The global economic recovery is widely expected to moderate in 2022 and many analysts forecast that commodity prices will start reverting to their historical means, which in this case means prices will drop. Gold, however, may be the exception.
Bloomberg Intelligence analysts believe 2022 will see a reverse in the trend of declining precious metals and rising industrial metals, and gold may be poised to “steal the show” and stage another push through $2,000. Technical charts suggest gold prices are holding at a key level of $1,700 and are poised to move higher. Despite recent weakness, prices haven’t given up gains from early in the pandemic.

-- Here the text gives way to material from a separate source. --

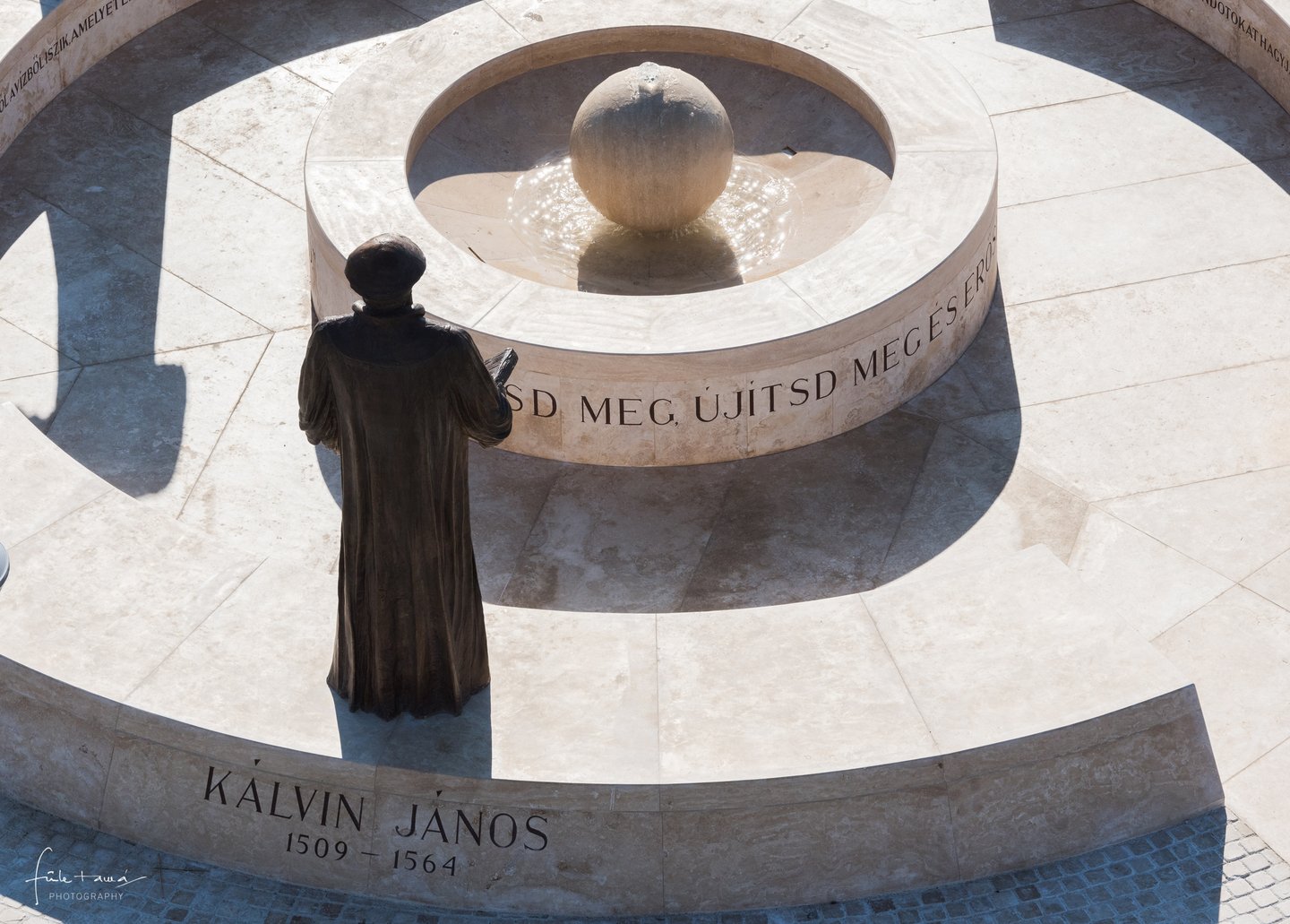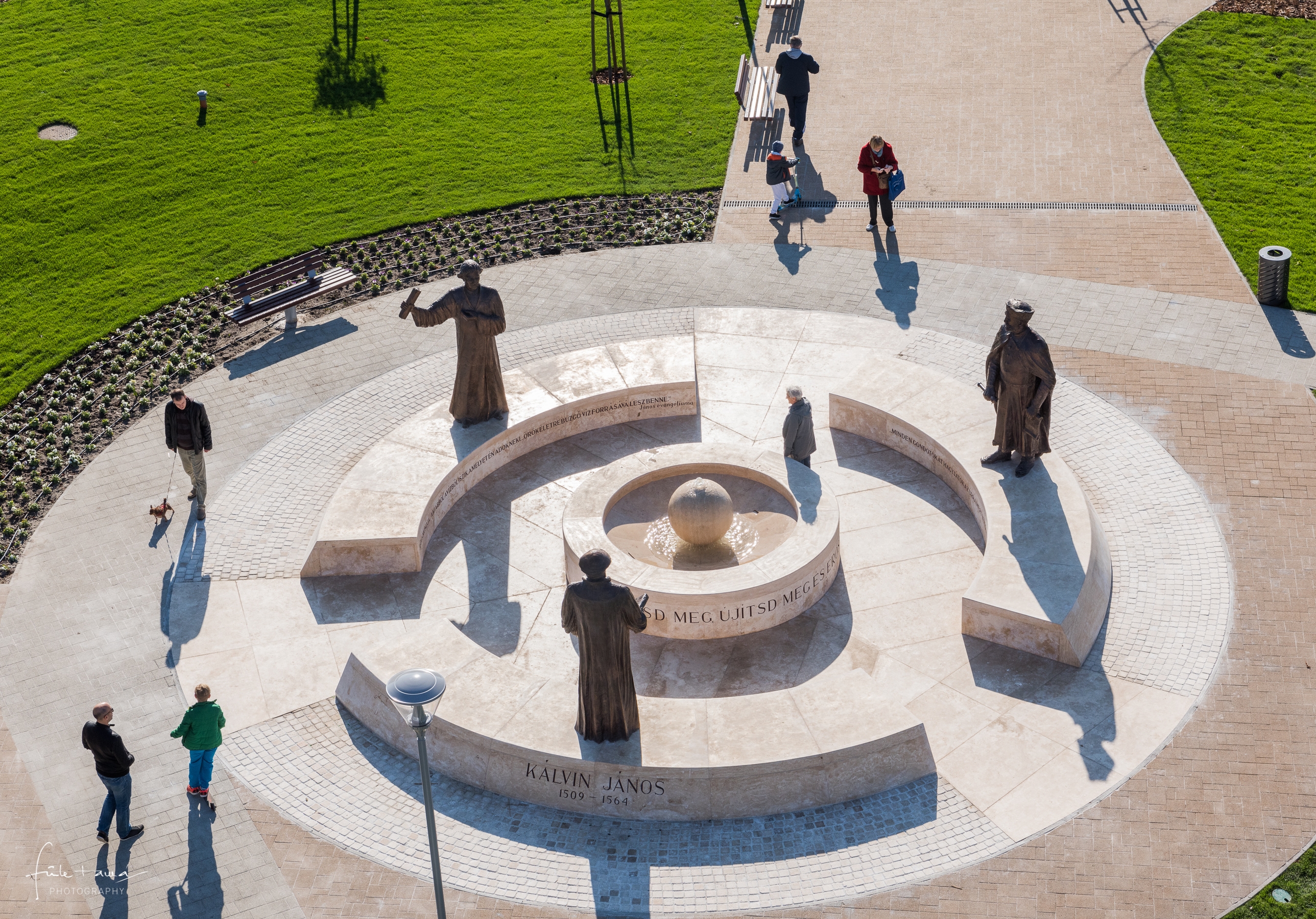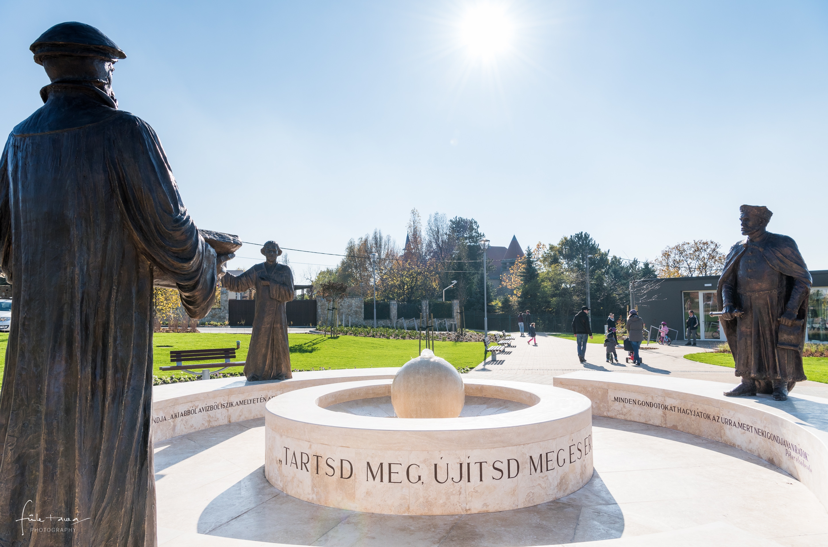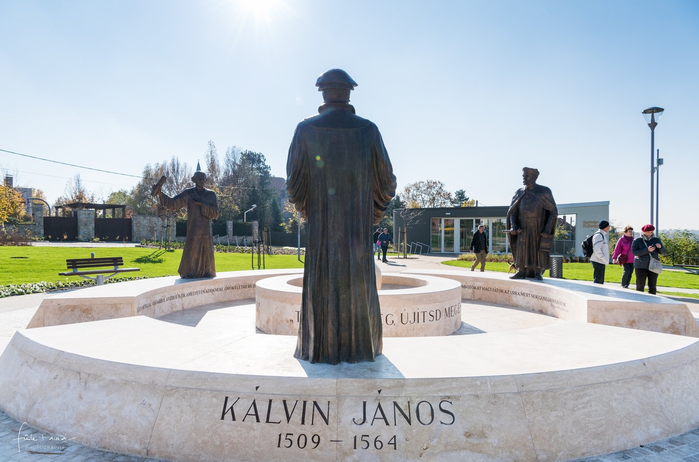 És közben ismerkednek a szoborcsoporttal. Luther Márton és Kálvin János reformátor, valamint Bocskai István egész alakos szobra a reformáció üzenetét idézi:

That will depend on a number of variables. Gold prices were strongly influenced by monetary policy in 2021 and investors will continue monitoring Fed movements through 2022. If monetary policy remains accommodative in the current inflationary environment, then gold is likely to gain. If the Fed responds by raising interest rates, this may dampen enthusiasm for the yellow metal.
Another variable will be crude oil. Historically, oil prices and gold have moved in opposite directions. If oil pushes beyond $90 and onwards through $100 we are likely to see gold held back, but if the crude rally stalls below $90 and pulls back, analysts think this will be positive for gold.
The great unknown is, of course, global stability, where factors such as the emergence of the new Omicron variant could be a cause of concern. Throughout modern history (since the end of the Gold Standard), investors have responded to major crises by flocking to gold as a safe haven. Crises are by their nature unpredictable, so any investors looking for trigger points to buy gold would always be advised to hold some “dry powder” in the form of cash to be ready for any surprise opportunities.